En medio de tal deterioro de la calidad de vida, de la crónica fragilidad, del desespero que incidirá en el probable aumento de la conflictividad social, la política debería explorar vías de desahogo para una presión que, según voces autorizadas, pone a Venezuela a las puertas de un conflicto de temible magnitud. No sólo la hambruna, también la guerra civil es demonio que nos corteja, acechando a propios y vecinos con sonrisas de dientes desportillados y dedos que apuntan con huesuda delgadez. Nos guste o no, y luego del nuevo mapa que dejan las elecciones regionales, se impone la construcción de salidas sin violencia, que no desconozcan la realidad: “torres de razón”, diría J.L. Borges, soluciones institucionales, pacíficas, democráticas a través del entendimiento.
¿Qué viene ahora? Soltar el cuchillo, poner oído en la alarma. Unidos por la necesidad de retomar el cauce que dibuja la Constitución, seguros de que no habrá atajos, rivales que se evaporan sólo con desearlo ni intervenciones Deus ex machina, la iniciativa de grupos de la sociedad civil a favor de virtuales negociaciones se ancla a la implacable certeza de que cada fuerza en antagonismo tiene ventajas relativas y que, como reclama la comunidad internacional, empuñar el logos, hablar para lograr acuerdos mínimos -así como la convergencia de ánimos impulsando cambios de abajo hacia arriba– ayudaría a evitar mayores daños. El “Proyecto de Entendimiento Nacional” promovido por la Cátedra libre “Democracia y Elecciones” de la UCV, por ejemplo, insiste en articular esas visiones del país que queremos, pues como afirma vehemente Egleé González, en estas circunstancias “solo no puede nadie”.
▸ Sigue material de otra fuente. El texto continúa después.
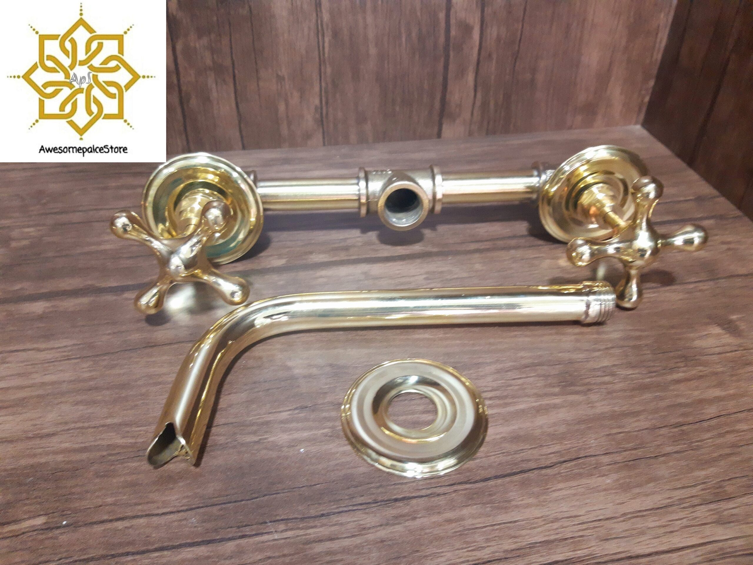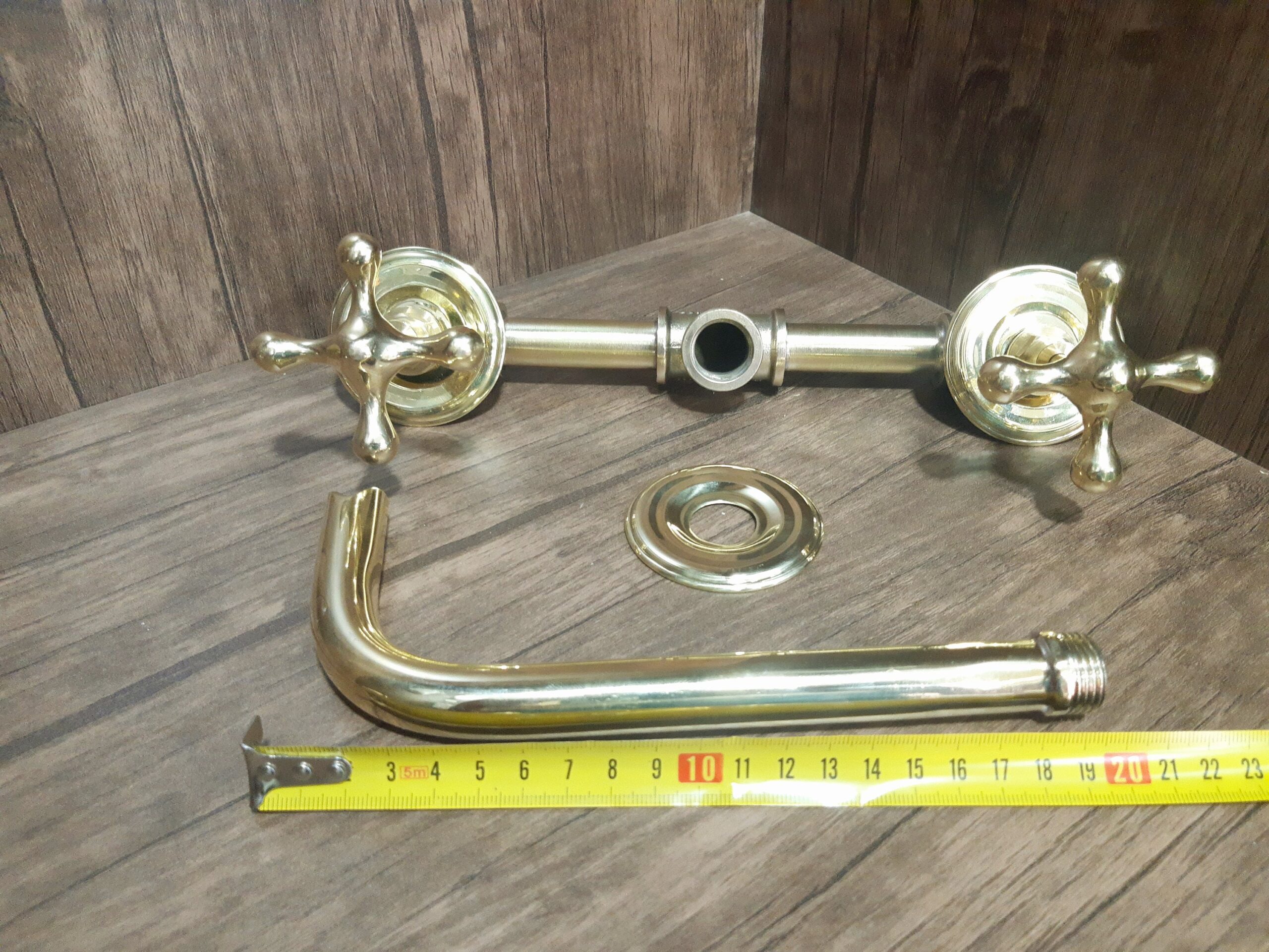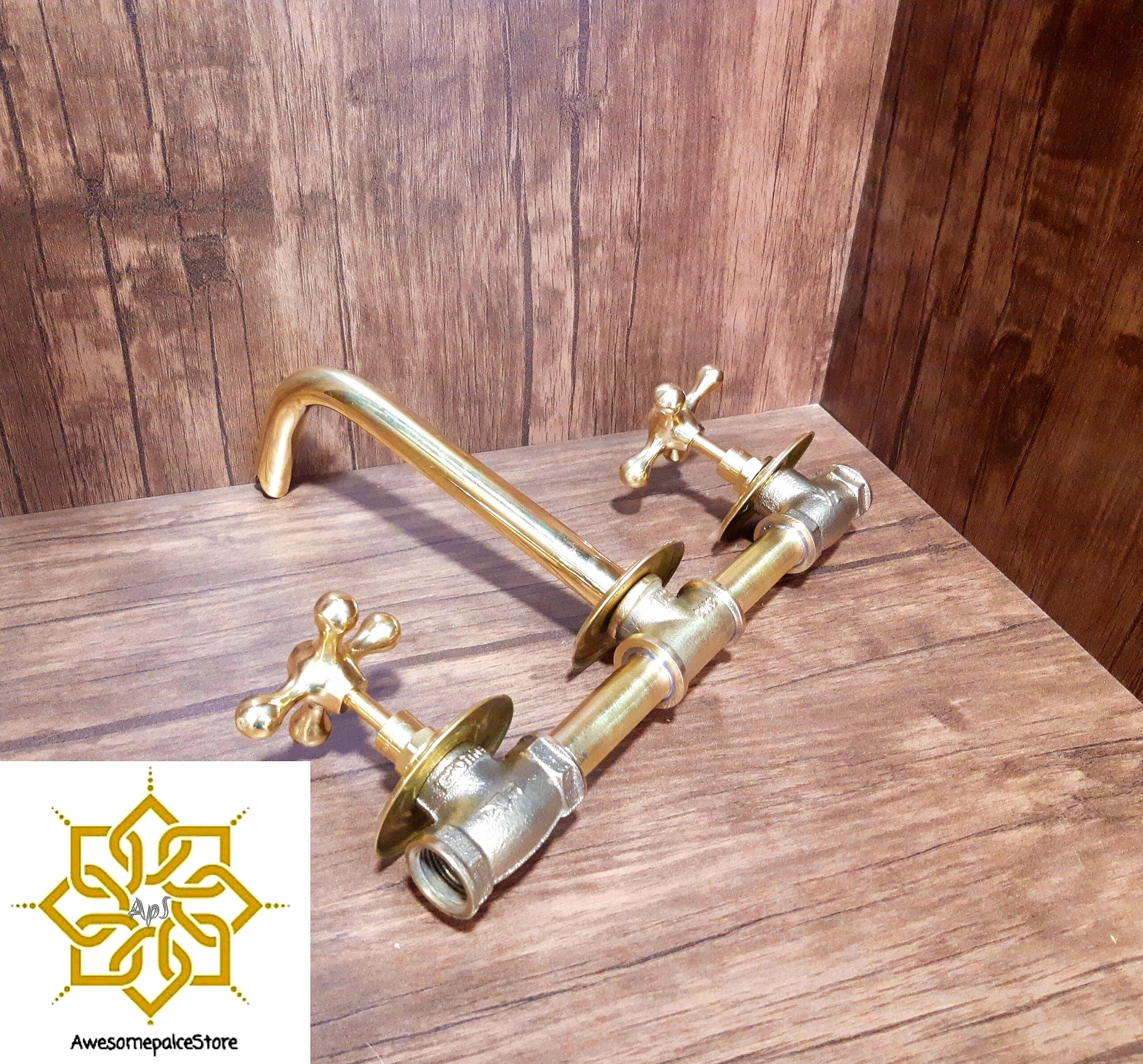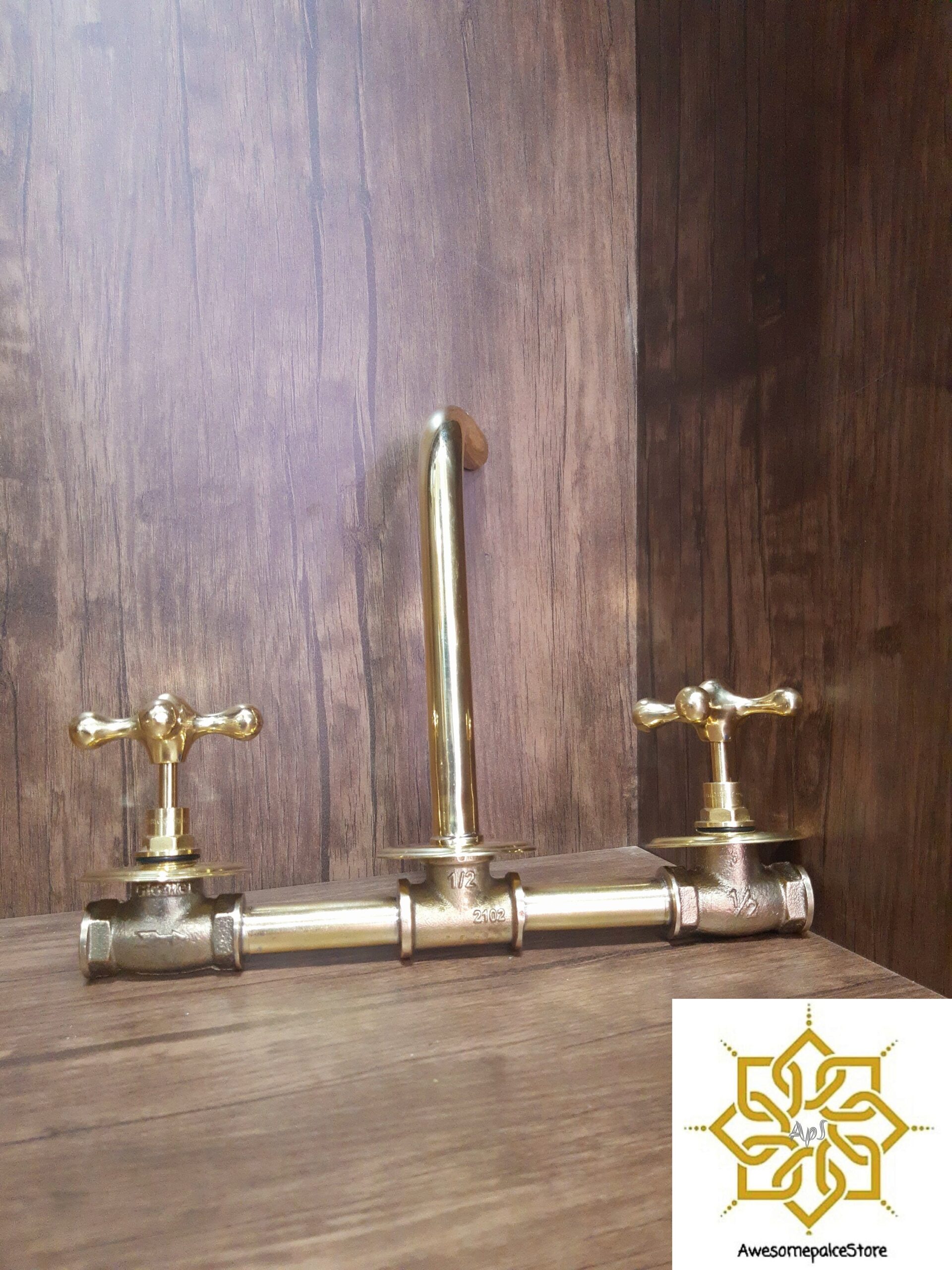 - Kitchen faucet,sprayer,bridge faucet,gold kitchen faucet,3 hole faucet,brass faucet,faucet set,gooseneck faucet,farmhouse,vintage faucet,Unlacquered Brass

Aguijoneados, sí, por el mal sabor que dejan los episodios disfuncionales de diálogo, toca aceptar que abordar la salida de este régimen es tarea quirúrgica, y por tanto no es corte que podamos hacer con bisturí sin filo o pinchados por la inmediatez. Aunque cueste, y contra el nihilismo rabioso que todo lo demoniza y nada aporta, sortear el peligro de una tragedia peor a la de Weimar hará que la gesta valga la pena. Las más pétreas resistencias se quebrantan con tenacidad: “Insiste, con ocasión o sin ella”, sugería San Pablo: Venezuela merece un destino distinto.